• _TASK TO CARRY OUT_
The listing below holds a line with "皮埃尔咖啡和侧桌的特点是整体" and a later line with "baselinenowcastGitHub.The package is". Write out those two lines and every line between them, exactly, and nothing else.

• _INPUT DATA_
***

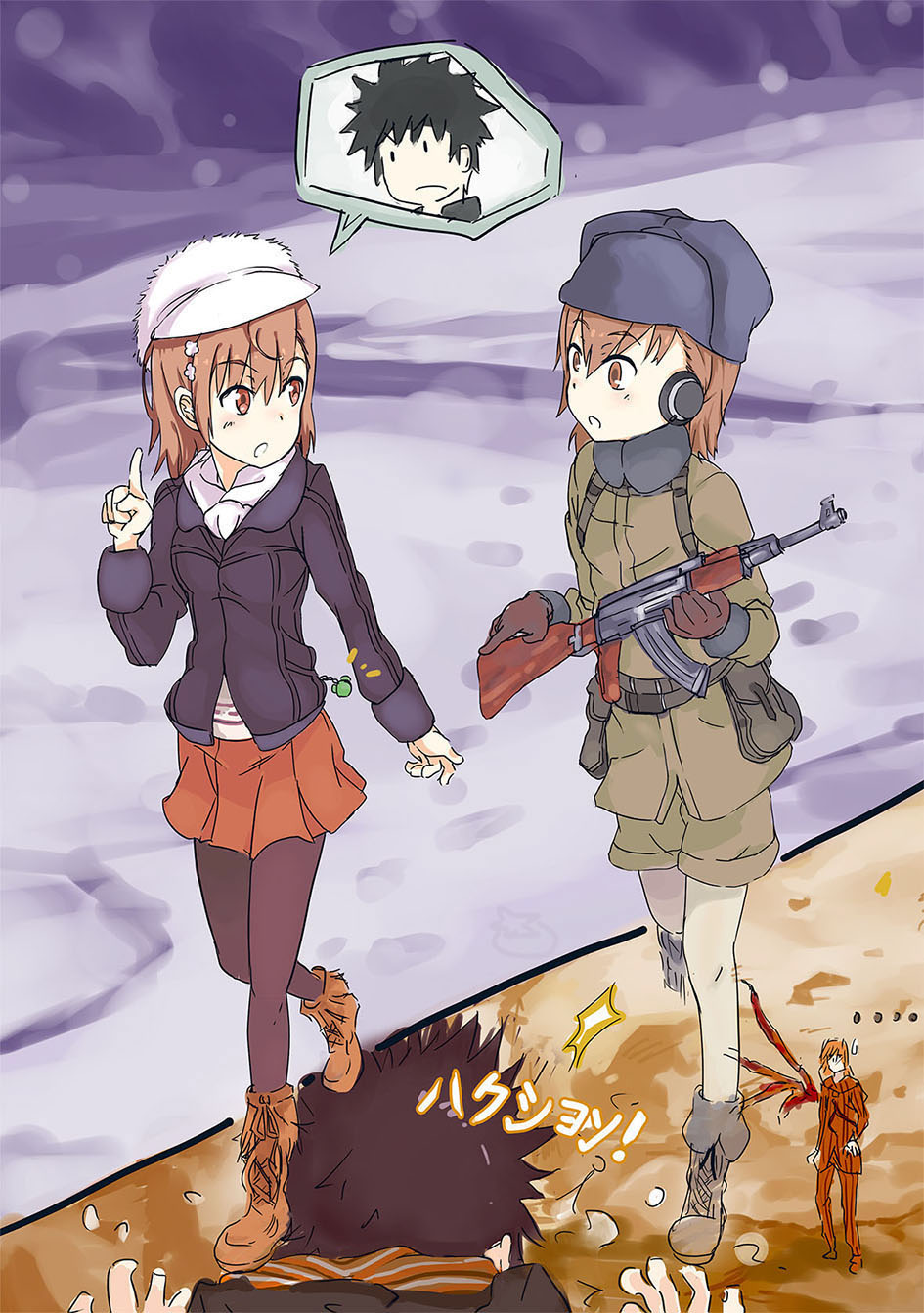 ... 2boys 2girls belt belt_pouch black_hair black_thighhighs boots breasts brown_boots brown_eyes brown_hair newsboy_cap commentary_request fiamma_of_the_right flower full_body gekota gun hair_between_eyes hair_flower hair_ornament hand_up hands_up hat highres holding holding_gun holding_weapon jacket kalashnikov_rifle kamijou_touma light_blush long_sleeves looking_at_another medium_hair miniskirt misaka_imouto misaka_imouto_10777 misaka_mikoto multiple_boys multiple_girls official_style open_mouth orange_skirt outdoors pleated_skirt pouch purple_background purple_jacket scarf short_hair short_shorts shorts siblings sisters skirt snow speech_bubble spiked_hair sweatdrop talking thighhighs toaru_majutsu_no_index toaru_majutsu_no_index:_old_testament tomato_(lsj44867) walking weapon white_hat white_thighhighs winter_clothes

***

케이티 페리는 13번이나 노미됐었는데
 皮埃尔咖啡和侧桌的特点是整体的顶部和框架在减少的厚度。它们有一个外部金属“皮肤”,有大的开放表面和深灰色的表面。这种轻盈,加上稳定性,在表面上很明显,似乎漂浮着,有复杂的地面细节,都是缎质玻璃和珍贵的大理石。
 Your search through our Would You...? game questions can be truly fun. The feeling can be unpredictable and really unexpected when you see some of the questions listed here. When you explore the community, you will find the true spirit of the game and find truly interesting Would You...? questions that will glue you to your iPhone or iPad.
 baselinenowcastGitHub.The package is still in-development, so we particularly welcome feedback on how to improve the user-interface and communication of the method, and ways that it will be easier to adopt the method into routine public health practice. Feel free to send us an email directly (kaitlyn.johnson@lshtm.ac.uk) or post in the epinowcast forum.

***

• _COMPLETED TASK_
 皮埃尔咖啡和侧桌的特点是整体的顶部和框架在减少的厚度。它们有一个外部金属“皮肤”,有大的开放表面和深灰色的表面。这种轻盈,加上稳定性,在表面上很明显,似乎漂浮着,有复杂的地面细节,都是缎质玻璃和珍贵的大理石。
 Your search through our Would You...? game questions can be truly fun. The feeling can be unpredictable and really unexpected when you see some of the questions listed here. When you explore the community, you will find the true spirit of the game and find truly interesting Would You...? questions that will glue you to your iPhone or iPad.
 baselinenowcastGitHub.The package is still in-development, so we particularly welcome feedback on how to improve the user-interface and communication of the method, and ways that it will be easier to adopt the method into routine public health practice. Feel free to send us an email directly (kaitlyn.johnson@lshtm.ac.uk) or post in the epinowcast forum.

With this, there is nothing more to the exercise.